§ **DATA SECTION**:

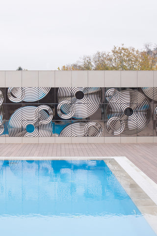 Questo progetto mette in mostra l'interferenza di onde di piccola ampiezza, lasciando che la luce del sole danzi da una cresta all'altra, trasformando il pannello in un accattivante gioco di luce e vetro. La tonalità bluastra illuminata dall'acqua della piscina aggiunge freschezza all'esterno. Utilizzare questo pannello modulare in qualsiasi momento della giornata è un vero piacere. Al mattino, imita un sole splendente; alla sera, riflette un crepuscolo accogliente e di notte, scintilla davvero, riflettendo la luce delle stelle e della luna.
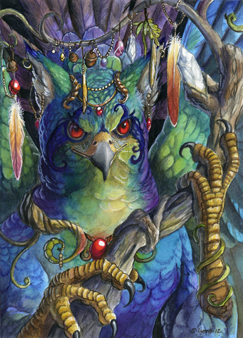 beautiful!!! I adore the colors. Excellent light and shadow, the gems are amazing.Β On one hand, it really bothers me that the bird's beak is cut off, but at the same time, I think you should be commended for your bravery and doing such a thing.
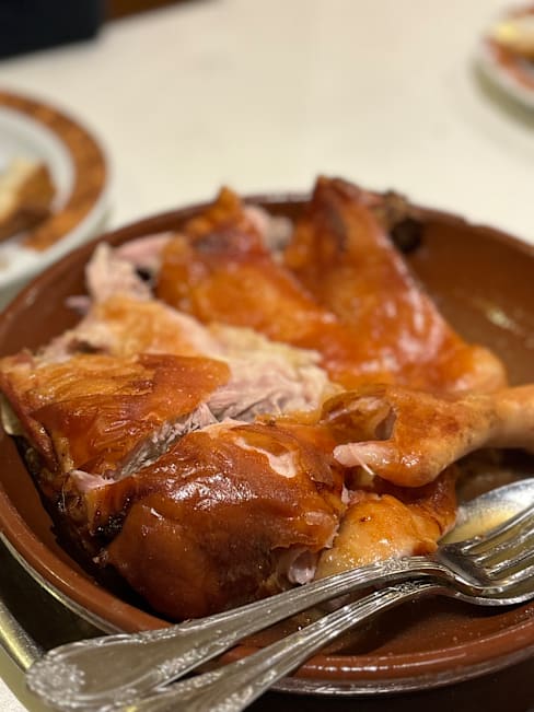 10/10The suckling pig was excellent. They also got half bottle of wine - perfect for the two of us. Service was also very good.
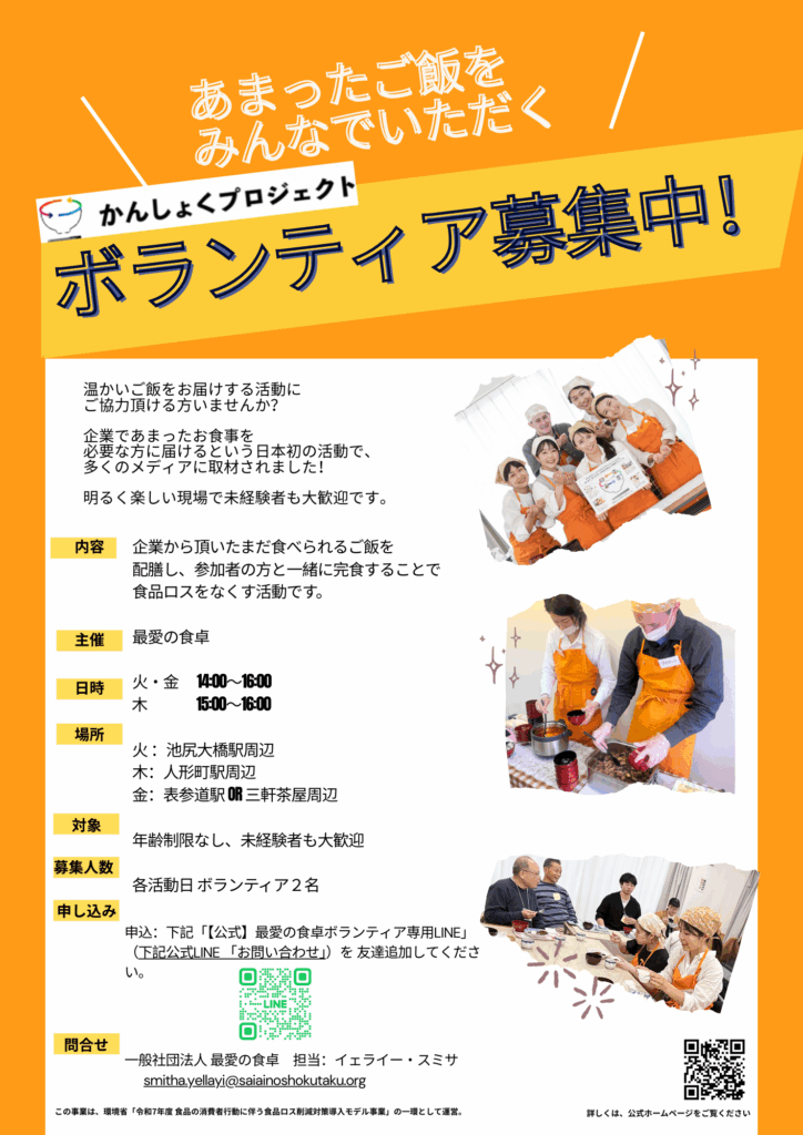 かんしょくプロジェクトは、日本初の「できあがった食事を再分配」🛻🍲する食品ロス削減プロジェクトです。

§ **EXERCISE**:
The required output is an exact copy of the lines from the one with "10/10The suckling pig" through the final line of the data above, with pictures removed.

§ **RESPONSE TO THE EXERCISE**:
 10/10The suckling pig was excellent. They also got half bottle of wine - perfect for the two of us. Service was also very good.
 かんしょくプロジェクトは、日本初の「できあがった食事を再分配」🛻🍲する食品ロス削減プロジェクトです。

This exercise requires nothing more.